[Material for the task]

::::

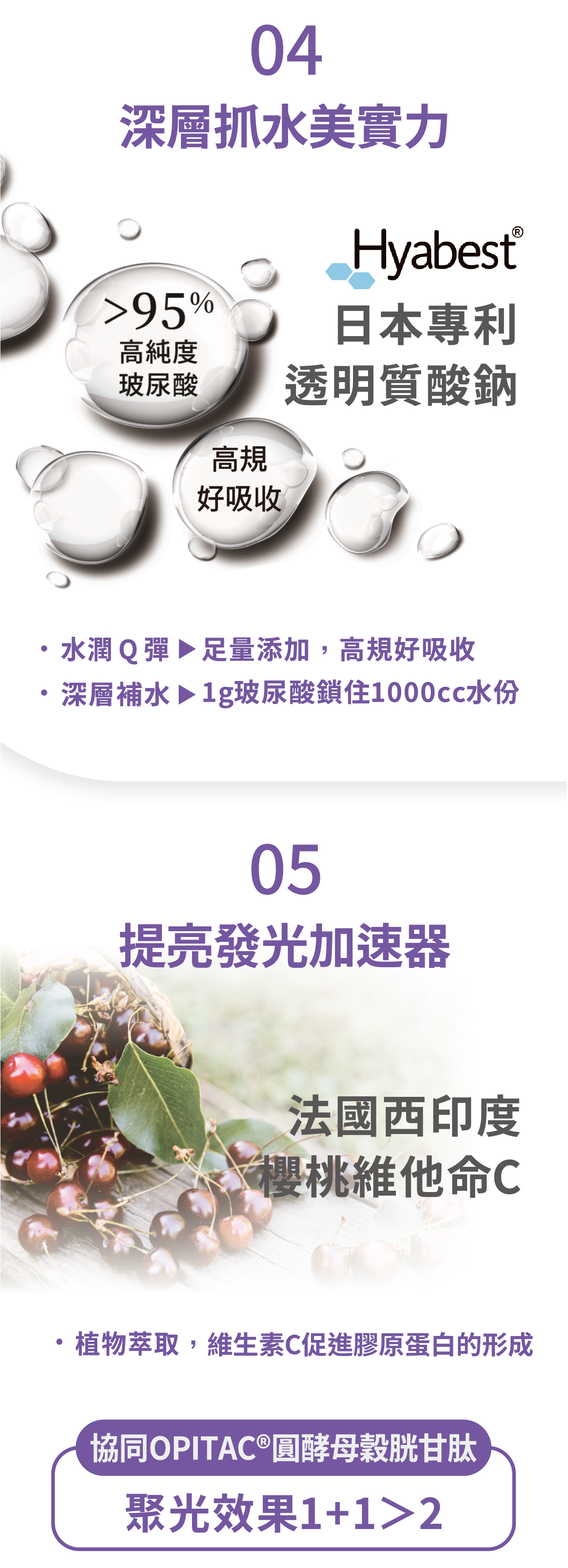 「超能植感Q潤胺基酸」含天然植物萃取的胺基酸,搭配「冰晶煥白穀胱甘肽」裡面的日本OPITAC®98%專利穀胱甘肽250mg、美國冰晶番茄、日本Oricera®專利神經醯胺、日本95%高純度玻尿酸、法國西印度櫻桃維他命C,兩者一起食用,從底層開始全方位補給關鍵營養素,美麗更有感。
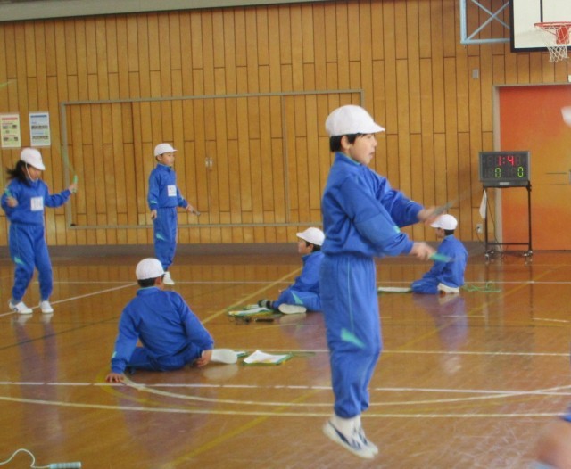 お互いに励まし、回数を数え合いながら、記録更新に向けて一生懸命練習中の4年生。
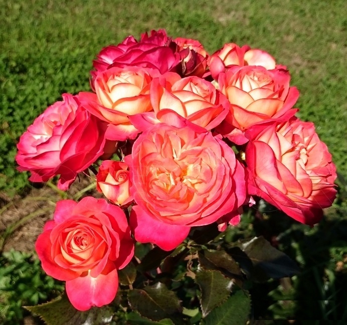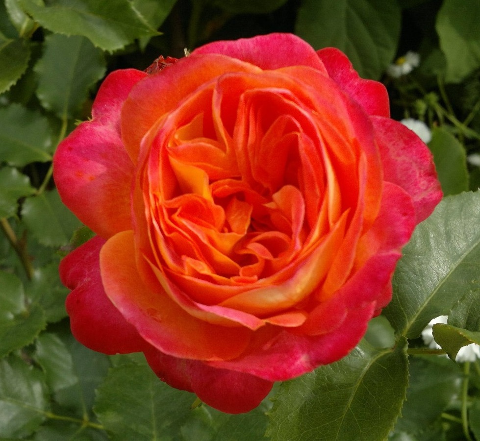 - Цветки: крупные, 6-8 см. в диаметре, густомахровые, до 40 лепестков. Форма может быть шаровидной или квартированной. Окрас цветка на протяжении цикла цветения меняется – от оранжево-красного с изнаночной желтой стороной до розово-красного с клубничными оттенками. Цветки располагаются в соцветиях по 3-5 штук.
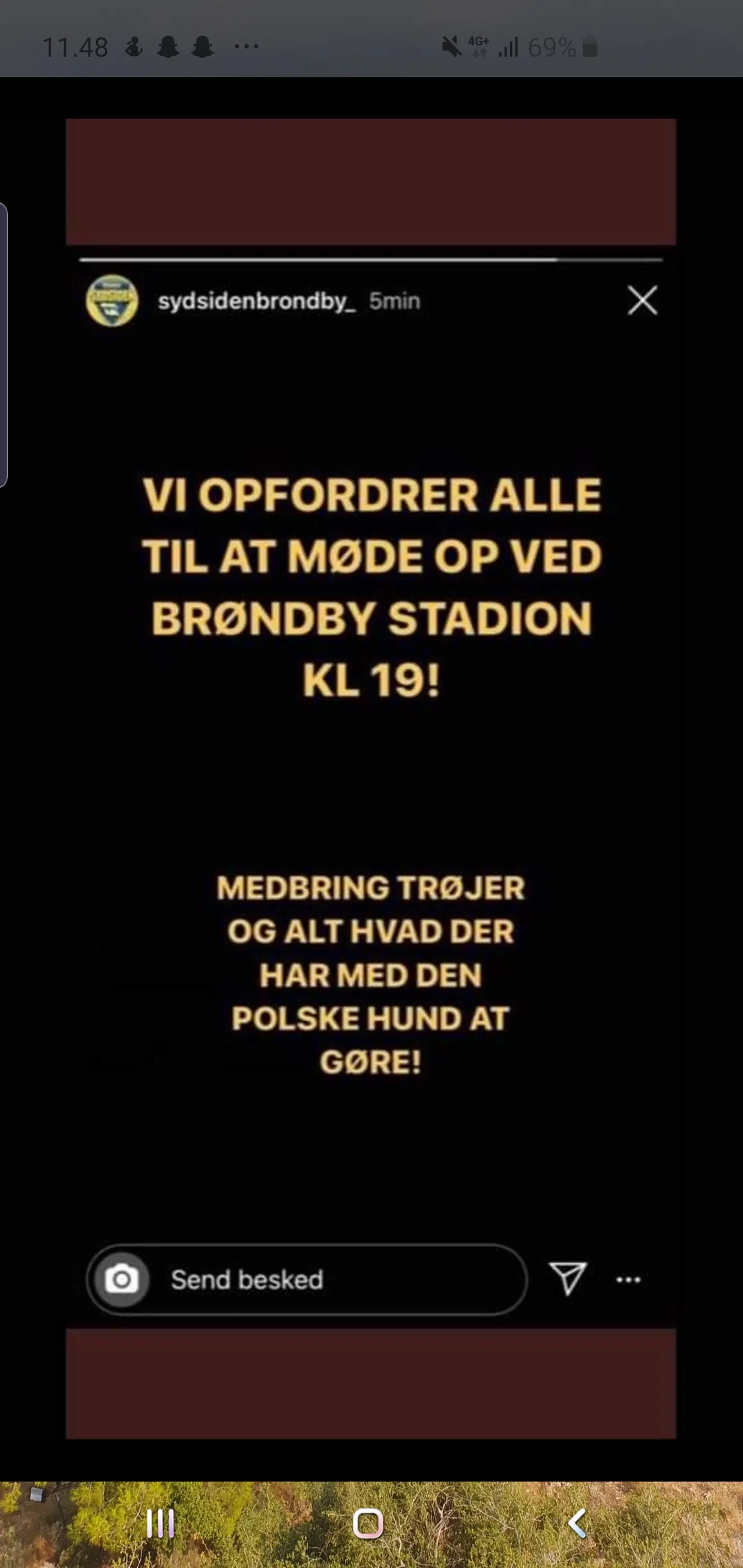 Billedet fra Sydsiden blev slået op som en såkaldt 'story', men blev hurtigt taget ned igen. Efterfølgende har de slået en ny op, hvori der blot står 'Brøndby Stadion kl. 19'.
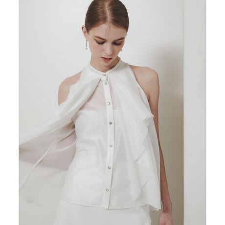 張りのあるシアー生地を2枚重ねることでちょうど良い透け感を実現させたエアリーなブラウス。トレンドのアメリカンスリーブからたっぷりのフレアードレープが裾に向かって贅沢に施されています。ビジューボタンがアクセント。

::::

[The task] Since the copy must contain no pictures, return only the text of the records, exactly as it stands.

[Worked solution]
 「超能植感Q潤胺基酸」含天然植物萃取的胺基酸,搭配「冰晶煥白穀胱甘肽」裡面的日本OPITAC®98%專利穀胱甘肽250mg、美國冰晶番茄、日本Oricera®專利神經醯胺、日本95%高純度玻尿酸、法國西印度櫻桃維他命C,兩者一起食用,從底層開始全方位補給關鍵營養素,美麗更有感。
 お互いに励まし、回数を数え合いながら、記録更新に向けて一生懸命練習中の4年生。
 - Цветки: крупные, 6-8 см. в диаметре, густомахровые, до 40 лепестков. Форма может быть шаровидной или квартированной. Окрас цветка на протяжении цикла цветения меняется – от оранжево-красного с изнаночной желтой стороной до розово-красного с клубничными оттенками. Цветки располагаются в соцветиях по 3-5 штук.
 Billedet fra Sydsiden blev slået op som en såkaldt 'story', men blev hurtigt taget ned igen. Efterfølgende har de slået en ny op, hvori der blot står 'Brøndby Stadion kl. 19'.
 張りのあるシアー生地を2枚重ねることでちょうど良い透け感を実現させたエアリーなブラウス。トレンドのアメリカンスリーブからたっぷりのフレアードレープが裾に向かって贅沢に施されています。ビジューボタンがアクセント。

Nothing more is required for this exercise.